The other piece I would point to Norm is that in terms of approach and swing 2011/2012 Asdrubel Cabrera is very different from 2007-2010.
Cabrera looks to drive the ball, especially in advantageous counts rather than his early approach which fringed on slappy.
It would be akin to evaluating Wakefield or Dickey and including pre-knuckle-ball data.
Players can change and develop at the big league level.
So using 2007-2010 in the baseline can be done but it is also flawed because he morphed into a different style offensively.
But one of your offensive premises is that AsCab is "underperforming on a large scale". It is pretty much an average year for him, especially considering the injury. If you mean, he is not living up to his career year of 2011, then say that. I do agree that he is not suited to be the 4 hitter but not sure that there is a great choice. I would love to see Santana but he really does not fit the profile IMO.

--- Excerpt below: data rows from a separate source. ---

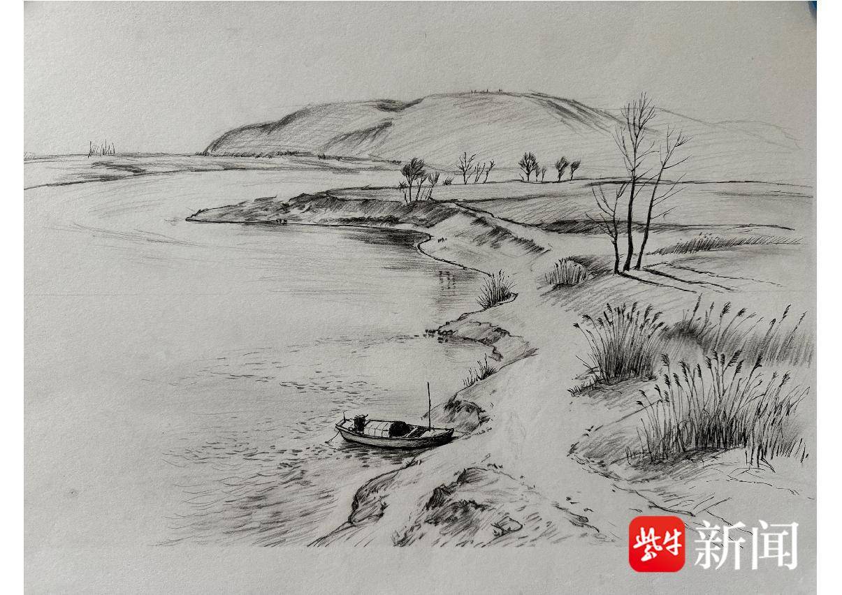 吴丝雨 钢笔画《运河岸 少年》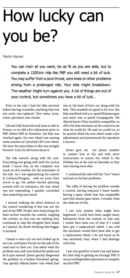 PBP 2007: Paris-Brest-Paris by Mark Wooldridge *(web.archive)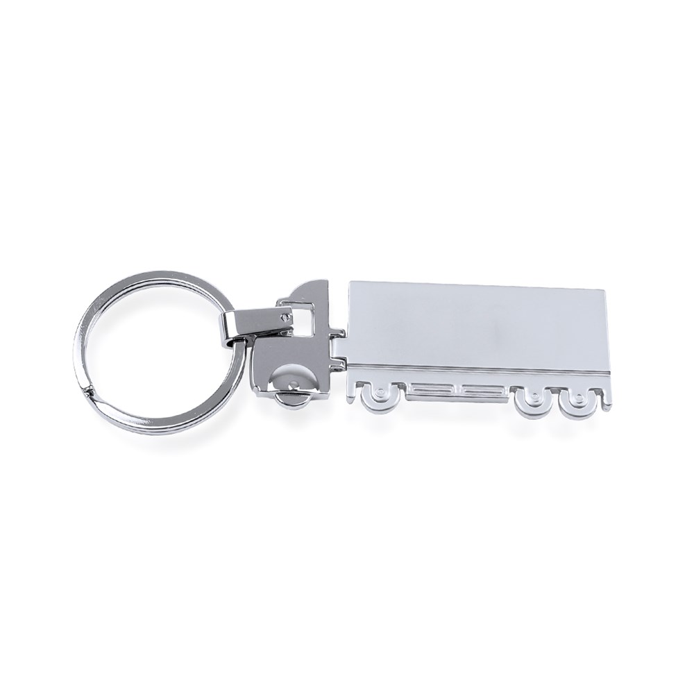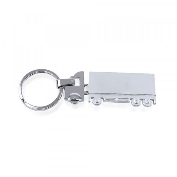 Schlüsselanhänger aus Metall mit tollem LKW-Design - speziell für den Laserdruck entwickelt. Mit Kabine in glänzender und Anhänger in matter Ausführung.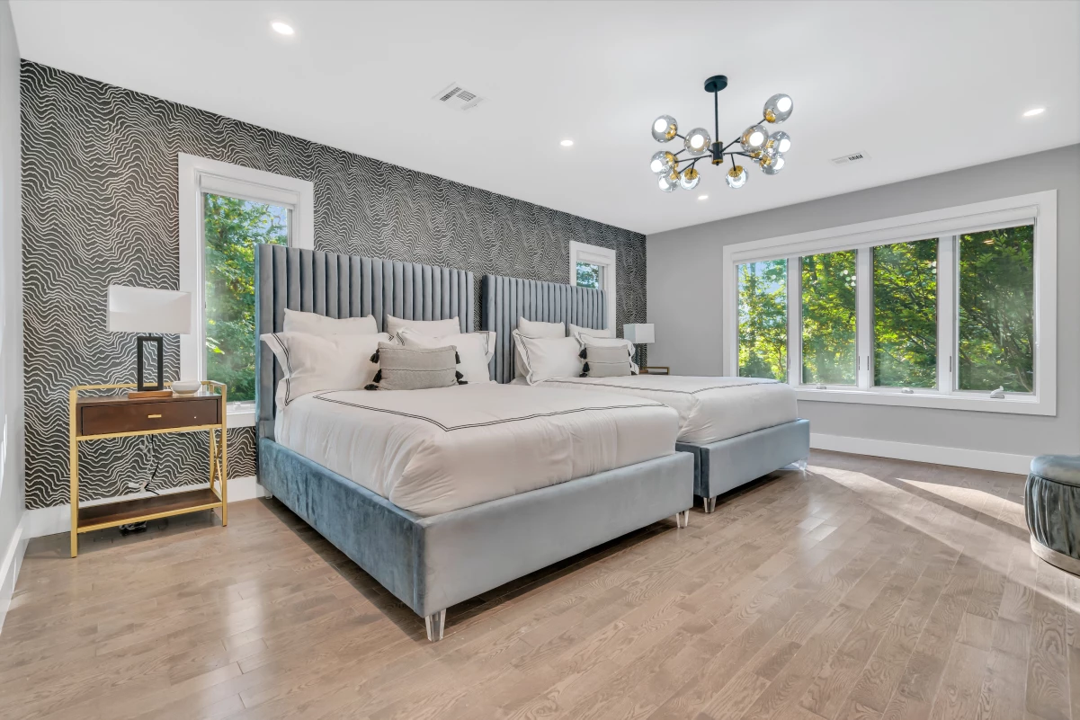 - Bedroom 15: Two cozy full-size beds for a comfortable poolside stay.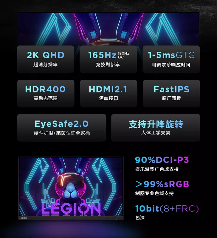 De nieuwigheid kreeg de naam Lenovo Legion R27q. De monitor heeft een 27-inch scherm met FastIPS matrix en QHD resolutie. Het paneel heeft 90% DCI-P3 kleurdekking en meer dan 99% sRGB dekking. De monitor heeft ook 10-bit kleurdiepte (8+FRC), HDR400 hoog dynamisch bereik, 1-5ms responstijd en ondersteuning voor verversingssnelheden tot 180Hz. Het nieuwe product is gecertificeerd door TÜV Rheinland. De monitor wordt geleverd met een verstelbare standaard en diverse poorten, waaronder HDMI 2.1.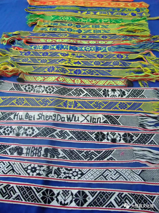 由于它具有较强的实用性,而且具有审美价值、艺术价值、历史研究价值,可以作为旅游产品加以开发。1987年,大悟织锦带作为湖北省重点民间美术之一,列入《湖北民间美术展览》,在武汉展出。1987年,有16件织锦带作品,被选到送北京参加了第一届中国艺术节,于9月6日至10月4日在中国美术馆展出。其中9件作品,于1988年被选到送意大利、苏联、利比亚等国家展出。2005年,大悟织锦带经大悟县人民政府命名,列入了《大悟县第一批非物质文化遗产代表作名录》,2006年,申报进入了《孝感市第一批非物质文化遗产代表作名录》。通过大悟县文化馆的不懈努力,《大悟织锦带》已申报为省级非物质文化遗产代表性项目。来源:大悟县文化馆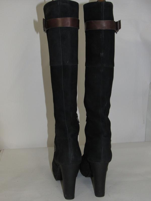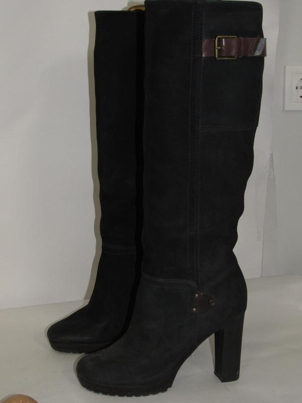 Шикарні якісні високі чобітки-труби, всередині злегка утеплені, широкий стійкий каблук-10см, виконані із якісної нубукової шкіри, на одному збоку по обідку мають потертості шкіри-див. фото, так у хорошому стані, гарно тримають форму, стильно дорого дивляться-якість висока, з внутрішньої сторони є замок, ст. 49, обхват голені 35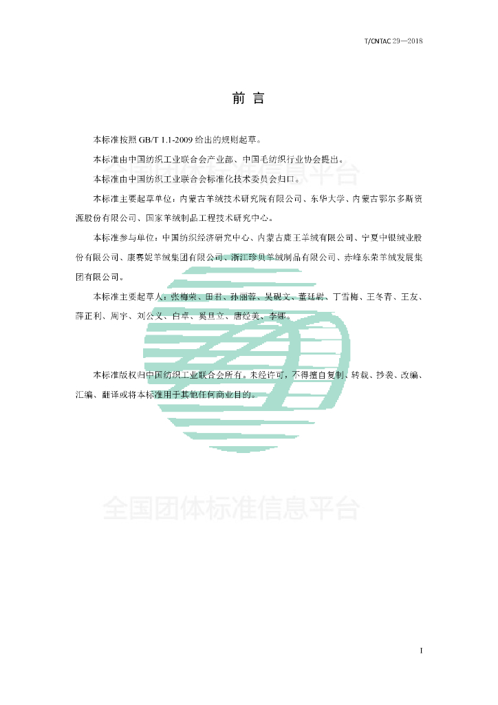 内蒙古羊绒技术研究院有限公司、东华大学、内蒙古鄂尔多斯资源股份有限公司、国家羊绒制品工程技术研究中心、中国纺织经济研究中心、内蒙古鹿王羊绒有限公司、宁夏中银绒业股份有限公司、康赛妮羊绒集团有限公司、浙江珍贝羊绒制品有限公司、赤峰东荣羊绒发展集团有限公司

Francona is kind of locked in by his lineup (what manager isn't) but a change between AsCab and Santana at 4/6 isn't a big deal to me but I respect the thought if not the underlying premise you use.

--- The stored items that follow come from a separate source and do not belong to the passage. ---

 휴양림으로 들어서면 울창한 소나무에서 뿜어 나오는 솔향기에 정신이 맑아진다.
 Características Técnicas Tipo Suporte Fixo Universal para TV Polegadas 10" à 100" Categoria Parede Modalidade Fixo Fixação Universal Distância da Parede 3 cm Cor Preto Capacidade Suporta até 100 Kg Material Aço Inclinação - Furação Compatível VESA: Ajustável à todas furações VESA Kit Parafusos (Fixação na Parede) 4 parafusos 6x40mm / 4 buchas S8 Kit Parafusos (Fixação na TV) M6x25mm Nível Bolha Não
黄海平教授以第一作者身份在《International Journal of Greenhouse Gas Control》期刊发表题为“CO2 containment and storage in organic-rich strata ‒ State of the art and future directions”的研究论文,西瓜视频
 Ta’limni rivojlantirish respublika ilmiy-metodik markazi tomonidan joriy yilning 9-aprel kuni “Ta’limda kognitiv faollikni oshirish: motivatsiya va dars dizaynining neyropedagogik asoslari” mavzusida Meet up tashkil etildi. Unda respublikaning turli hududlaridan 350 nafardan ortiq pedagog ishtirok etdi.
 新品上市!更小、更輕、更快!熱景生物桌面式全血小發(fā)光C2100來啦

In your ideal lineup that you propose, I would certainly switch Gomes and Chisenhall. If Gomes cannot hit better than Chis, what is the point of putting him in the regular lineup. If AsCab is really as big an underperformer as you state, then maybe Gomes belongs at 6 instead given the benefits of the R/L matchups.
Before McAllister got injured, Gomes was catching most of his starts. If I remember correctly, Gomes caught 4 straight McAllister starts, then Santana caught one and McAllister looked visibly frustrated at having to shake Santana off a number of times. In his first start back from the DL, McAllister had Gomes behind the dish. I think/hope we will see Gomes catching McAllister and Kazmir from now on. I agree completely that Gomes needs to be given more playing time. If for no other reason, the increased reps will let us know what kind of hitter he really can be if he were to take over as the primary backstop next season. Santana's value is much greater if he can be a solid defensive catcher but right now he just isn't, and even if we don't know what kind of offense Gomes can provide, nothing could be worse than what Reynolds is providing.
Your suggested lineup makes sense. I can't quibble with it too much, but if I was setting it, I would go
If you felt it necessary to break up the lefties at the top of the order, or if Asdrubal gets hot again, switch Cabrera and Brantley.